Schack attempted first on 28 October to initiate a direct landing at Nyborg. However it failed, due to bad weather. Instead he completed a landing at Kerteminde with his troops three days later. In the meantime, Eberstein was still moving his troops through Jutland, and on 4 November he moved over the Little Belt between Frederiksodde (now Fredericia) and Middelfart. During the crossing, small boats were used to get to Funen, and it took 5 days to land all of Eberstein's troops on the island.

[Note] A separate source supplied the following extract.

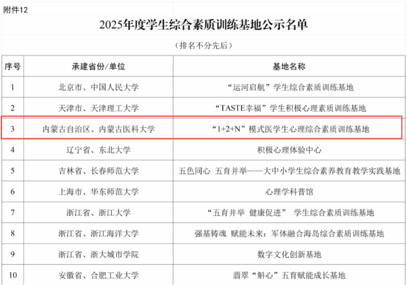 近日,教育部公示了2025年度高校思想政治工作质量提升综合改革与精品建设项目遴选结果,我校获批成为2025年度全国高校示范“一站式”学生社区。同时,“1+2+N”模式医学生心理综合素质训练基地项目成功入选2025年度学生综合素质训练基地名单!

The Swedes had a chance to defeat the two allied forces before they could unite, but this opportunity was not used due to the hesitation of the commander of the Swedish forces Philip Florinus of Sulzbach, who had pulled back to Nyborg. This did not please Charles X Gustav who sent Gustav Otto Stenbock to relieve him of his command. But when he arrived at Nyborg, its defenses were not as great as the Swedes had anticipated. Stenbock sent a letter to the king, informing him that defending the city would be in vain.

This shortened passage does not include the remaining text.